Please comment after you watch it.  What is your experience?


----------



## ICE

I have no idea why I watched that video.....and then I discover that none were tested under water so what's the point of it all.


----------



## jar546

ICE said:


> I have no idea why I watched that video.....and then I discover that none were tested under water so what's the point of it all.



I, like you do underwater inspections of the pool.  I need accurate measurements to ensure the suction filter screen meets the new requirements.


----------



## ICE

I use a camera.....funny a guy like you would miss that.


----------



## jar546

ICE said:


> I use a camera.....funny a guy like you would miss that.

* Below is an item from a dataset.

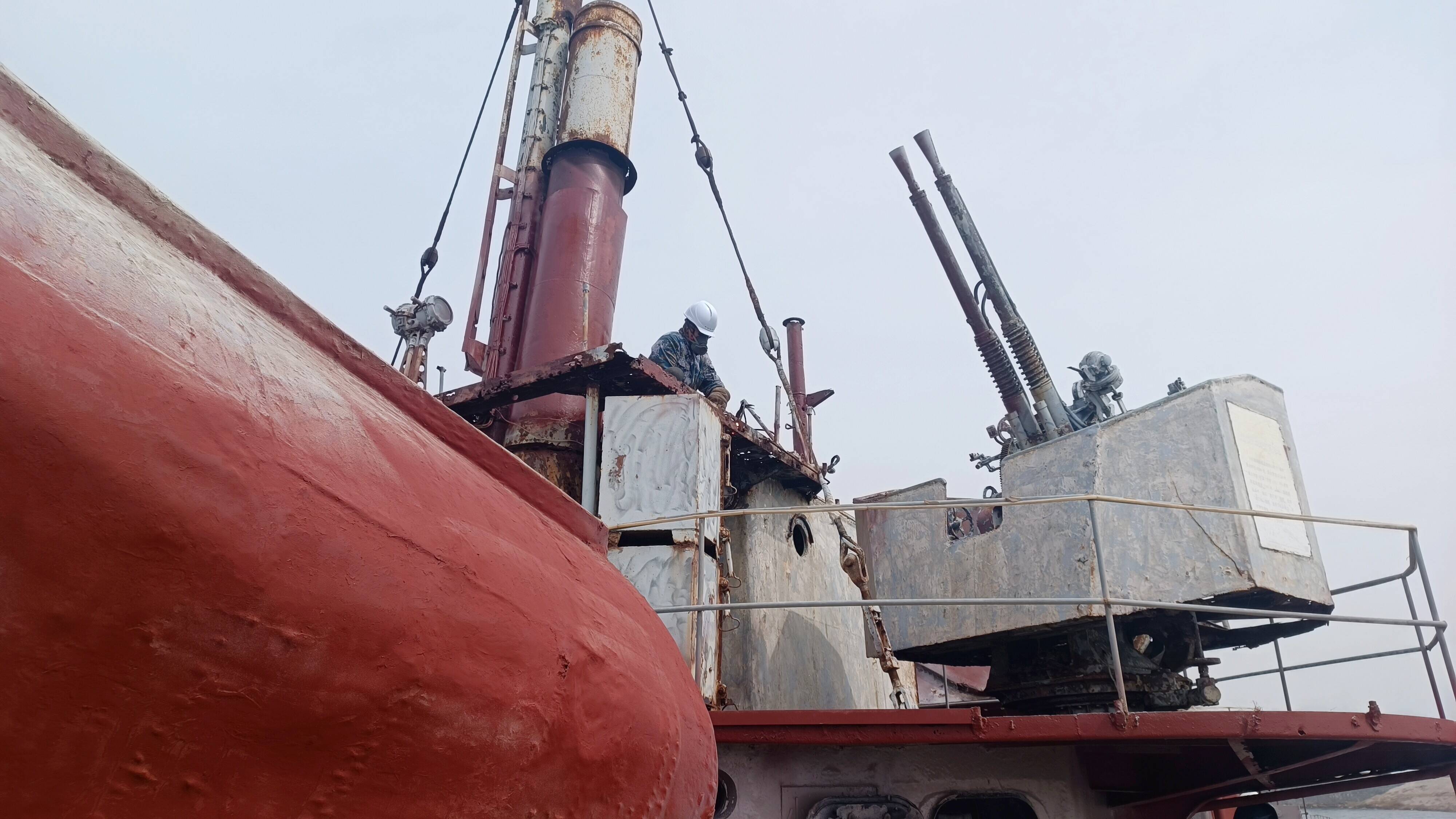 在位于乳山银滩的103驱逐舰上,工作人员正在进行露天腐蚀部位手工打磨、舱内塌陷处支撑加强及安装室外舷灯、铺设电缆、恢复照明等工程。

So do I,...........underwater.......


----------



## ICE

Now that’s some great see life photo.


----------



## fatboy

Nice pool shot there Jeff........

I am, have always been a Stanley Power-lock. A contractor buddy of mine shared my opinion until a few years back, totally a Fat-Max guy for him and his crew.


----------



## Logan

Usual tape measures are just kinda boring and old imho. I am all about the new technologies. I like my laser tape measure by bosch. Does its job amazingly! Seriously, I dont insist on you buying one as well, but at least check them out, they are dope! https://geeklah.com/laser-tape-measure-reviews.html


----------



## Pcinspector1

The best!
I bet Conarb has one of these?


----------



## fatboy

I do!


----------



## Pcinspector1

That's what that long pocket on the side of your carpenters pants is for! 

Right fb?


----------



## fatboy

Probably!


----------



## ICE

Pcinspector1 said:


> The best!
> I bet Conarb has one of these?


I bet he knows how to use it too.


----------



## Pcinspector1

Some mason's are still using them.


----------



## Keystone

I 2nd Pcinspector. I started life with a masons foot rule during my years in tech school and used it during the time I spent in the trades. When I moved to inspections I tried a fat max and a random 15' roll tape and quickly made my way back to the masons foot rule.  They serve double duty for me, measure and stiff enough to hit smokes and co's on ten foot ceilings.


----------